Антенну Юрий Николаевич взял спиральную широкополосную, и в то же время, весьма небольшую по размерам от станции СПС-1. Прихватил на всякий случай еще пару рупорных антенн. Приемник питался от сети и, к счастью, оказался не тяжелым. Ведь его предстояло затащить на самый шпиль высотки.

В помощники Мажоров взял начальника 112-й лаборатории Евгения Фридберга. Это был опытнейший сотрудник института, которого перевели на работу в Москву из Ленинграда еще в 1944 году. Он занимался разработкой одного из первых отечественных телевизоров с электронно-лучевой трубкой.
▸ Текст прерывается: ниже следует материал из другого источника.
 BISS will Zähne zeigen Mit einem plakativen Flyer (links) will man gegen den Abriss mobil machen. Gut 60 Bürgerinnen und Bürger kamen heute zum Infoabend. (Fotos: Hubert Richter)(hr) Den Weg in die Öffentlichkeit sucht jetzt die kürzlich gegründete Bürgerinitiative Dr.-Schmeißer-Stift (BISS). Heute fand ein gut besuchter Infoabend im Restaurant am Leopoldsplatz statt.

Приемник пришлось закрыть чехлом и тащить на самый верх. На площадке было прохладно, зато в иллюминаторы видна вся Москва. На их радость, здесь находилась и розетка электросети. Мажоров и Фридберг заперли за собой люк, развернули и подключили приемник. Разведку вели на «слух», через головные телефоны, поочередно выставляя антенну в иллюминаторы. Сначала они слышали только работу РЛС нашей противовоздушной обороны Москвы. Это были короткие тона, частотой примерно 400 герц. Однако часа через два ученые отыскали в эфире некое неизвестное излучение. Звук его напоминал работу молотилки. Излучение не очень меняло свою амплитуду, и это говорило о приеме боковых лепестков.
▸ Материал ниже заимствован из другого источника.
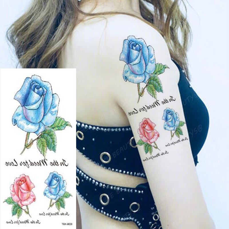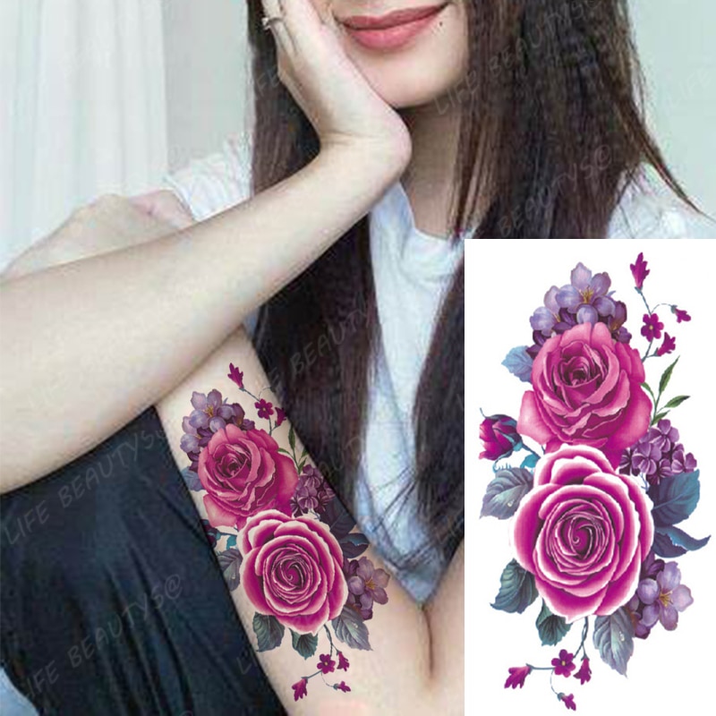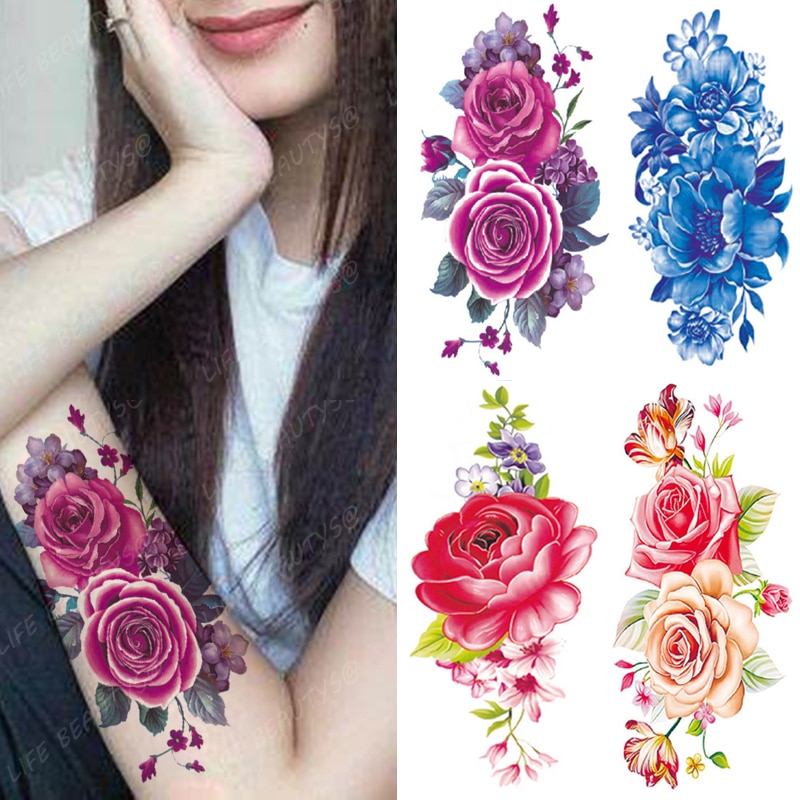 Sdrawing Temporary Flower Tattoos Women Fashion Beauty Rose Butterfly Flash 3D Fake Tattoo Arm Sleeve Pink Blue Sticker Girl

На следующее утро Мажоров и Фридберг взяли с собой кроме приемника и антенн осциллограф и фотоаппарат. Ведь все надо было заснять, задокументировать. Второй день работы только подтвердил опасения сотрудников ЦНИИ-108: с крыши посольства США прекрасно принималось излучение наших РЛС. Стало понятным и назначение сооружения на крыше посольства в виде большой надстройки, которую они прозвали «американским сараем».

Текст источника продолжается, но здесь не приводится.